The connection between mathematics and art goes back thousands of years. Mathematics has been used in the design of Gothic cathedrals, Rose windows, oriental rugs, mosaics and tilings. Geometric forms were fundamental to the cubists and many abstract expressionists, and award-winning sculptors have used topology as the basis for their pieces. Dutch artist M.C. Escher represented infinity, Möbius bands, tessellations, deformations, reflections, Platonic solids, spirals, symmetry, and the hyperbolic plane in his works.
Mathematicians and artists continue to create stunning works in all media and to explore the visualization of mathematics--origami, computer-generated landscapes, tesselations, fractals, anamorphic art, and more.

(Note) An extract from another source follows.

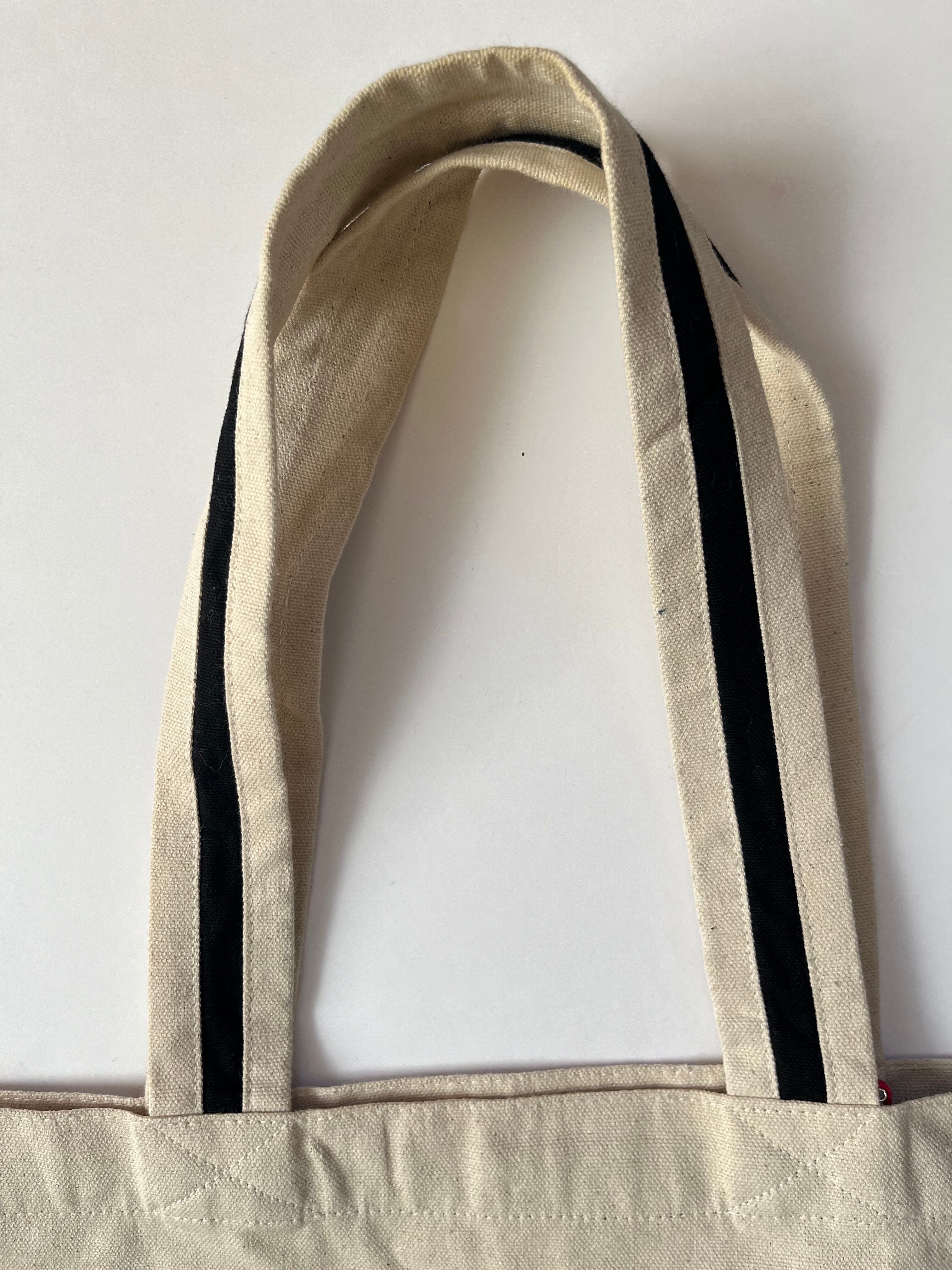 2トーンのキャンバス地トートバッグ。

This image, like most of those selected for this exhibition, is generated with Ultra Fractal, designed by Frederik Slijkerman. "Different Strokes" consists of 10 layers, using Julia and Mandelbrot fractal formulas with other formulas and algorithms for coloring. The layers are merged into a unique image using different techniques and transparencies for each layer in the composition. The author, Linda Allison, is a disabled housewife living in Florida. Since 1994, Linda has dedicated part of her free time to designing fractal images. Having no formal mathematical training, Linda possesses an incredible ability to represent the concept of infinity in images with smooth and delicate color palettes. Her shapes blend and separate in absolute harmony, with balanced framing that combines the classicism of the first fractals with the latest advances of fractal art.